- _HOW TO COMPLETE THIS TASK_: Find the line with "Male DJ in headphones works in a music club." in the entries below, then output every line from it down to the line with "使用装饰器的时候就在定义函数前 @装饰器的名称", exactly and with no pictures.

- _DATASET EXCERPTS_:
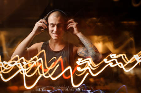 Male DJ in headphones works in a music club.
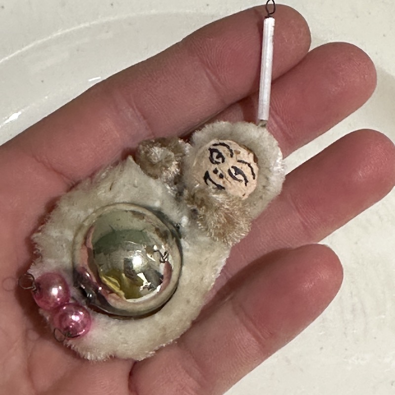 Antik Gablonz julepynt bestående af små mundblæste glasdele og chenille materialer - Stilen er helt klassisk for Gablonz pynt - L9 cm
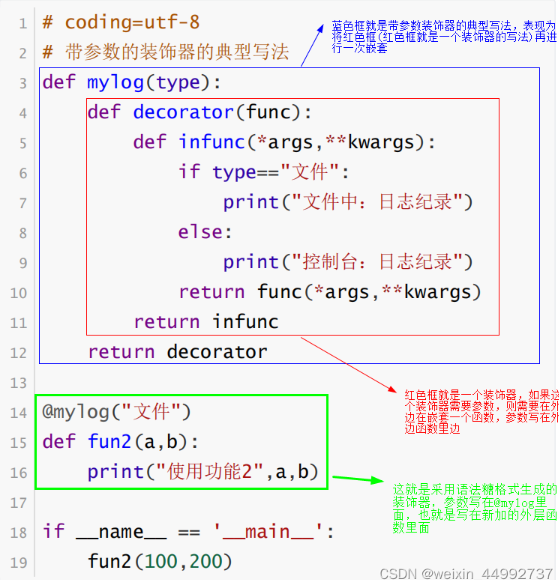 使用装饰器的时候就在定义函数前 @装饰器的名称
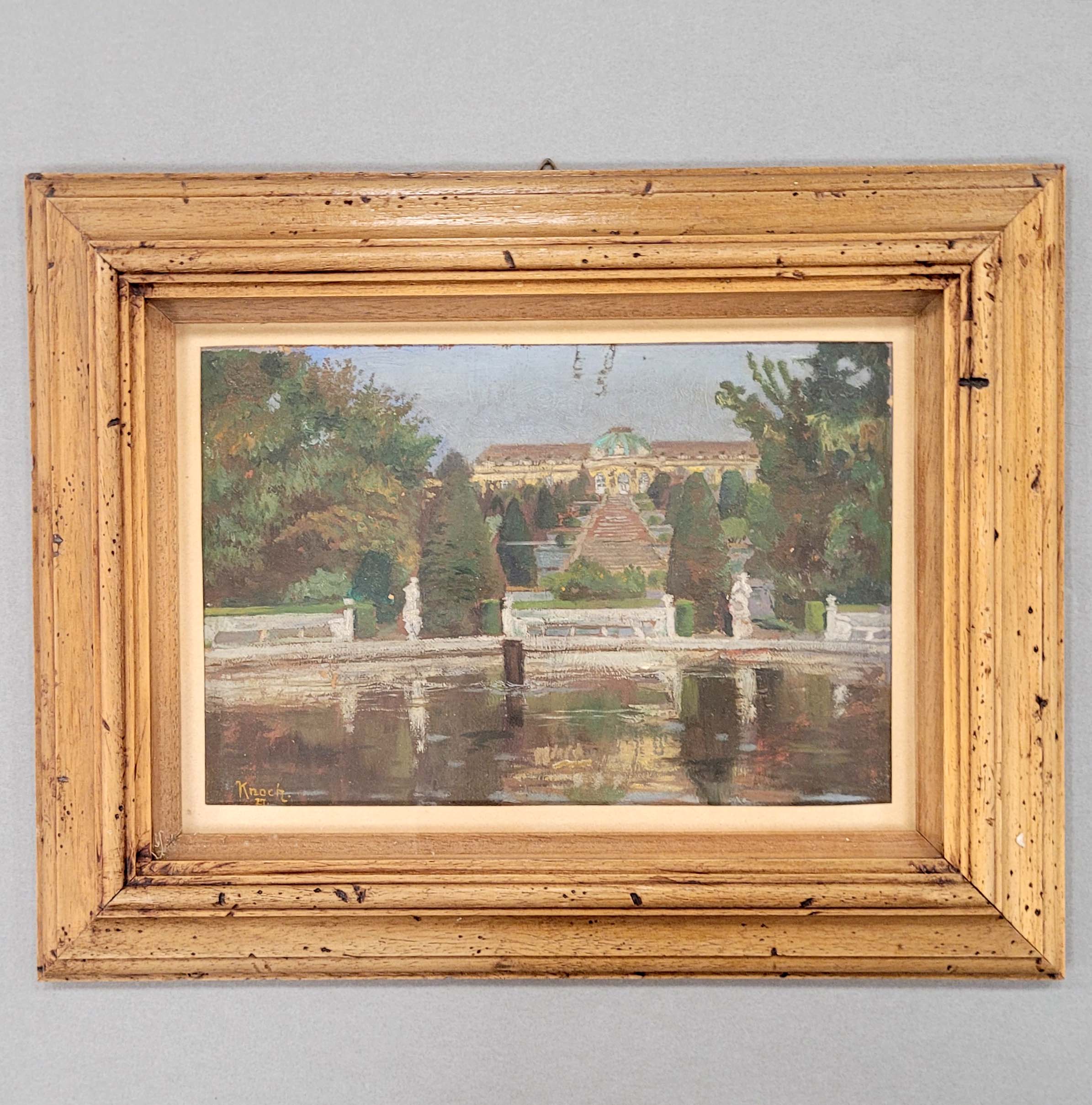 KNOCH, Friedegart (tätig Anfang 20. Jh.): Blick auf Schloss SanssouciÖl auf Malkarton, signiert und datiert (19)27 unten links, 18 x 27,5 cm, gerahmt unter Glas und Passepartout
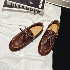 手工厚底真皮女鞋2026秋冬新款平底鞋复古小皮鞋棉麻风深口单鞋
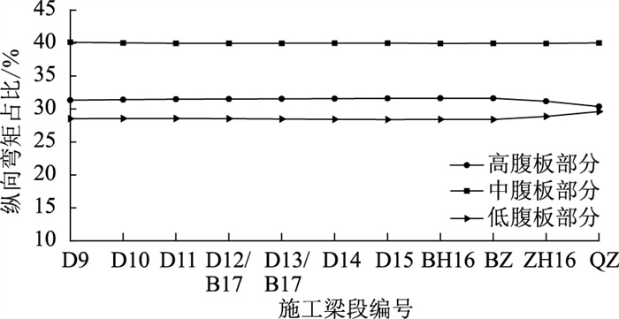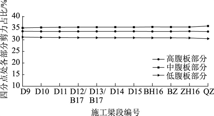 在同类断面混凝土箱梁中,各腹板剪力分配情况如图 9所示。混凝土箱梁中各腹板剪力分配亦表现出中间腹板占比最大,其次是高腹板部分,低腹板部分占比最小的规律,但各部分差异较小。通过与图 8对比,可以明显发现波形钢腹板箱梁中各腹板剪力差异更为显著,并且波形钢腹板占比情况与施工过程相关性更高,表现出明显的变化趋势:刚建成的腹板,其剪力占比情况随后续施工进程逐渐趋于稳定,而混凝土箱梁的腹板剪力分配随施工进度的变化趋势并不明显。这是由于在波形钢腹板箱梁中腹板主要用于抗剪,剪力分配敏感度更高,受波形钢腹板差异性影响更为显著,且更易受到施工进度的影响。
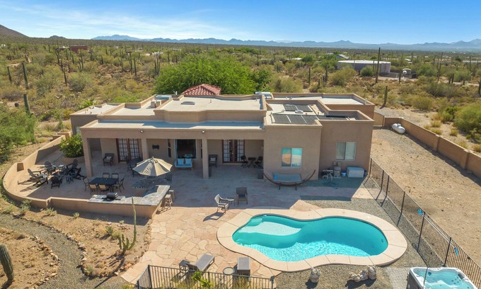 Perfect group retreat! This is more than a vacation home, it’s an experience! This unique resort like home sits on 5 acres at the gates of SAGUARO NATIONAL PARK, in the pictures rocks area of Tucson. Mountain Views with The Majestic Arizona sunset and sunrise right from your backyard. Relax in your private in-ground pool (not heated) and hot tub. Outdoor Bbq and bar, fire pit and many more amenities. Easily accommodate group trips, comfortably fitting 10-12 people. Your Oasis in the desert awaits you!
* * *
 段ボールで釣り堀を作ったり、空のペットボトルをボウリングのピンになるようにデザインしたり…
* * *
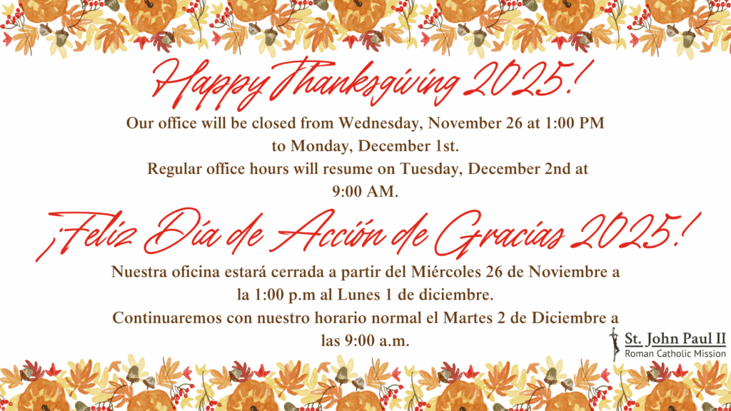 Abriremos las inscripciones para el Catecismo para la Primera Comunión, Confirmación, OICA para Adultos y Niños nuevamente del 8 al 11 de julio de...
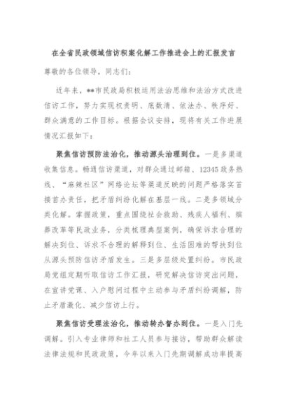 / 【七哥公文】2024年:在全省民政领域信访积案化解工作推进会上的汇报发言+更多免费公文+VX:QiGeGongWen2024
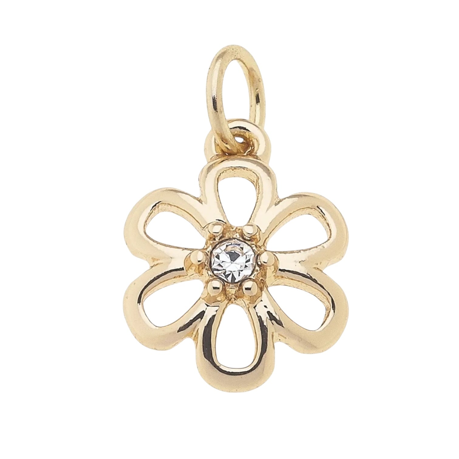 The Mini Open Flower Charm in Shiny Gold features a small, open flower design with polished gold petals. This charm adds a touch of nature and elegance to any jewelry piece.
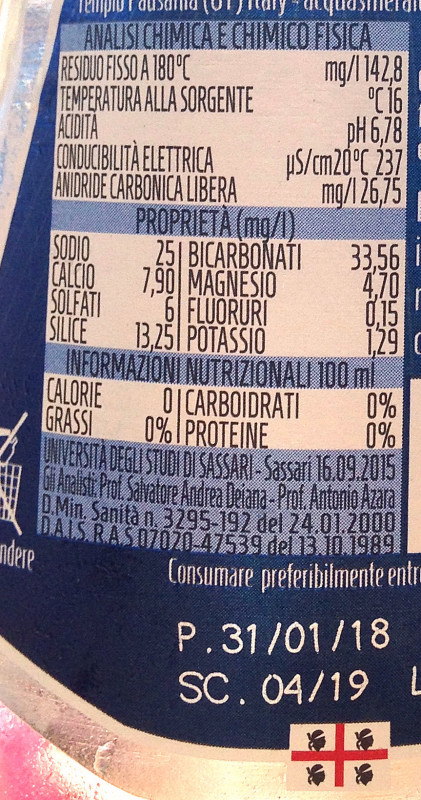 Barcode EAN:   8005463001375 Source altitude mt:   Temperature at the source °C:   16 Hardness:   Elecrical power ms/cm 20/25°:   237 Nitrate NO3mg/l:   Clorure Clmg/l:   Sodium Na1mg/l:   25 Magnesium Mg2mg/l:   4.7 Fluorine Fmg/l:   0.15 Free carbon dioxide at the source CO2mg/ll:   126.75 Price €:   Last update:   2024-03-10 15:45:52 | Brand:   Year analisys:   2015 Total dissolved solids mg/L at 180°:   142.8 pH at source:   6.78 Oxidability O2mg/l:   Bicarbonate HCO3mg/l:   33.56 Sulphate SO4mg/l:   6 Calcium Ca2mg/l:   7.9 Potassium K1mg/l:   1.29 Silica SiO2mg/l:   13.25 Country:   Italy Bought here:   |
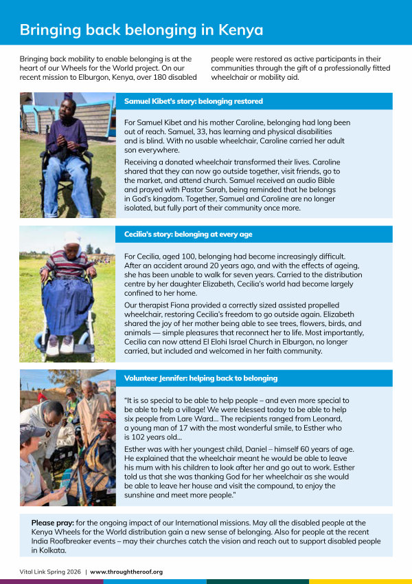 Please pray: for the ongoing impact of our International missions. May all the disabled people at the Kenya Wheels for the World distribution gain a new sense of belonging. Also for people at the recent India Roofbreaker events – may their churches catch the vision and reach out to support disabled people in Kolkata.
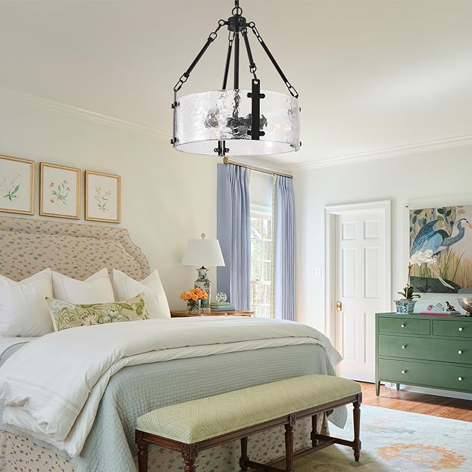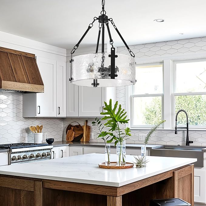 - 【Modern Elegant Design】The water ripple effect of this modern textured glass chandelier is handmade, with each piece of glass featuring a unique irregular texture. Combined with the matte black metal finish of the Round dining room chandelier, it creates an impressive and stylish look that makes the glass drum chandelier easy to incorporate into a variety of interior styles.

- _SOLVED PROBLEM_:
 Male DJ in headphones works in a music club.
 Antik Gablonz julepynt bestående af små mundblæste glasdele og chenille materialer - Stilen er helt klassisk for Gablonz pynt - L9 cm
 使用装饰器的时候就在定义函数前 @装饰器的名称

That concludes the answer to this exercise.